Working data →
........

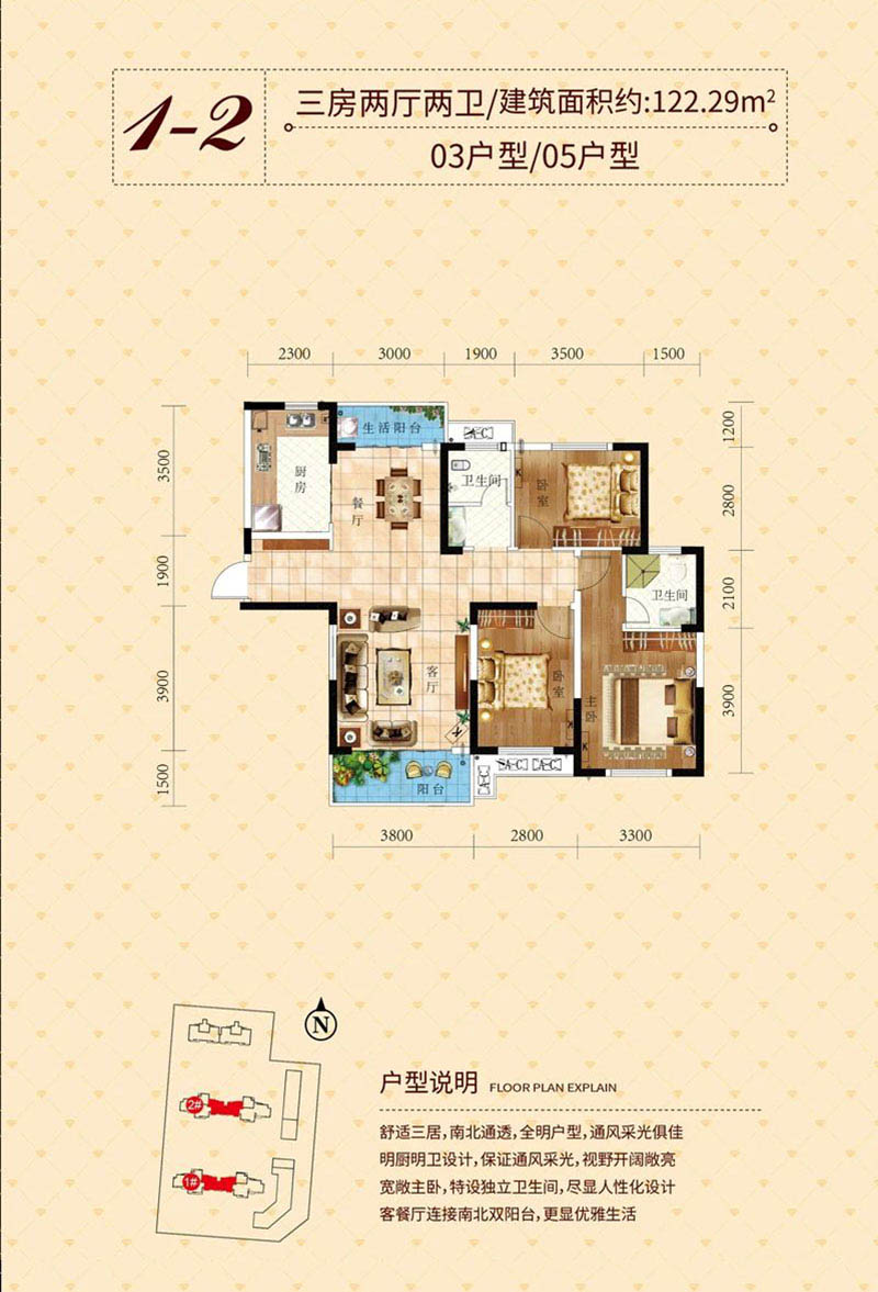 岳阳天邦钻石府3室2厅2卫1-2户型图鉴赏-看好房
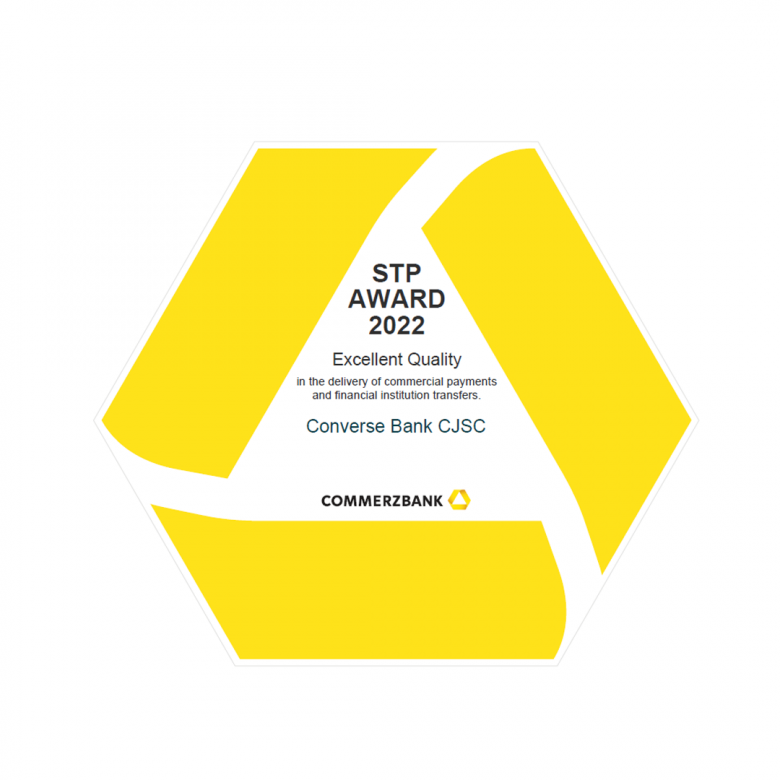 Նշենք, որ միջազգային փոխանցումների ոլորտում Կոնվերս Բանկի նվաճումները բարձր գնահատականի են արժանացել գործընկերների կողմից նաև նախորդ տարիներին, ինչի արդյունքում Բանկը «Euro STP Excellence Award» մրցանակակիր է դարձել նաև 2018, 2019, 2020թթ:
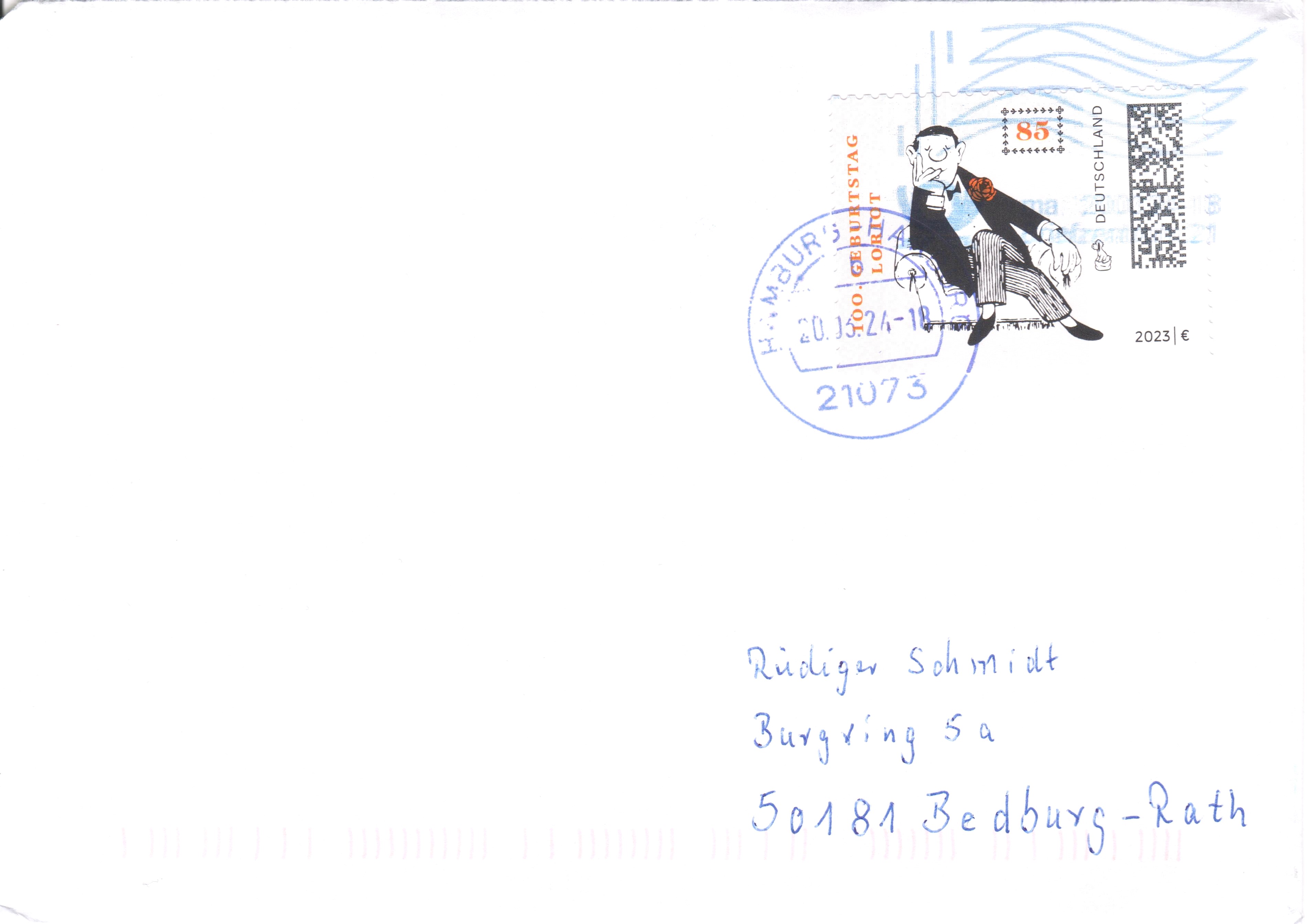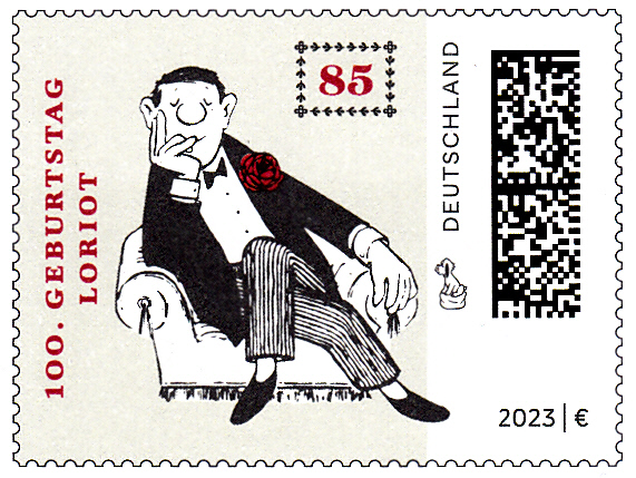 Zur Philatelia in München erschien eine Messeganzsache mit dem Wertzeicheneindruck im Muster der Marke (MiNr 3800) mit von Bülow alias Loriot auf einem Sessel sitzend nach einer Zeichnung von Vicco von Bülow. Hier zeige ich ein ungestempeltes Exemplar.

........

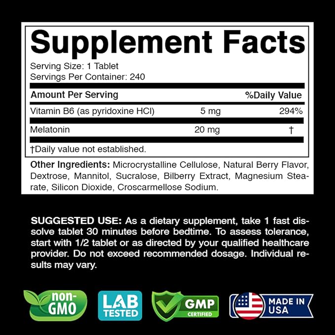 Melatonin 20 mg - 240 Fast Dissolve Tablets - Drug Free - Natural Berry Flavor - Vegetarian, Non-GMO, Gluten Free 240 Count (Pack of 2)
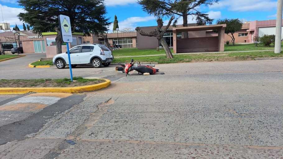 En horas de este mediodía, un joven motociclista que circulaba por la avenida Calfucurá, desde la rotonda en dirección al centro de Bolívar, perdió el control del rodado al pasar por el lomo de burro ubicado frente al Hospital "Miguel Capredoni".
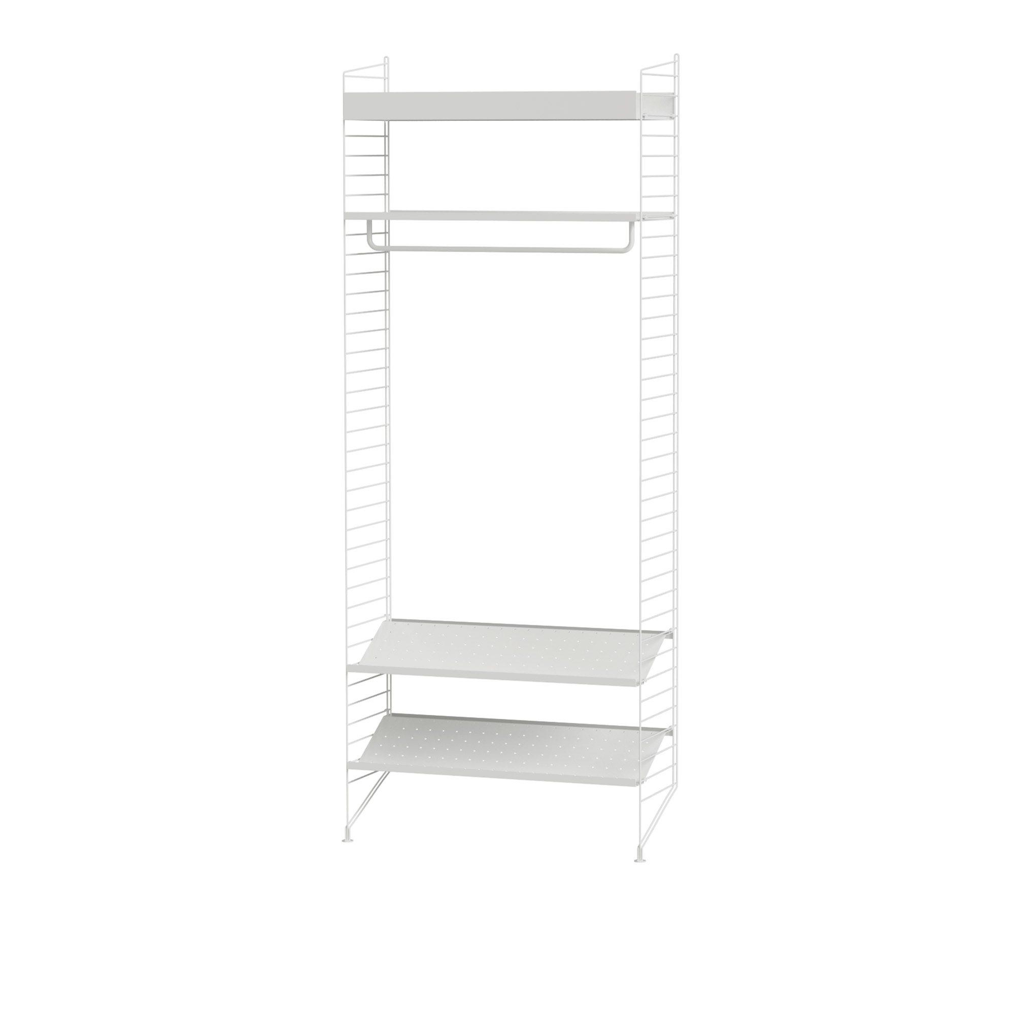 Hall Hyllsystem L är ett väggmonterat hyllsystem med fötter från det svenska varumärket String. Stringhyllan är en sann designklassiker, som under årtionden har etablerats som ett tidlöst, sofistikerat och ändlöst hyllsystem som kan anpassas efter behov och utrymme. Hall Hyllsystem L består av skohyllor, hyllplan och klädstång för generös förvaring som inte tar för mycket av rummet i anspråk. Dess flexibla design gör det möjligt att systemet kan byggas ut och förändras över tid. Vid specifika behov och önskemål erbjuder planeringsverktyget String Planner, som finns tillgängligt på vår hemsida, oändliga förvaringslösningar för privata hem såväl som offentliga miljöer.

........

Task description → In the data above, find the line containing "岳阳天邦钻石府3室2厅2卫1-2户型图鉴赏-看好房" and the line containing "Նշենք, որ միջազգային". Repeat those two lines and everything between them exactly, minus the pictures.

Task output →
 岳阳天邦钻石府3室2厅2卫1-2户型图鉴赏-看好房
 Նշենք, որ միջազգային փոխանցումների ոլորտում Կոնվերս Բանկի նվաճումները բարձր գնահատականի են արժանացել գործընկերների կողմից նաև նախորդ տարիներին, ինչի արդյունքում Բանկը «Euro STP Excellence Award» մրցանակակիր է դարձել նաև 2018, 2019, 2020թթ:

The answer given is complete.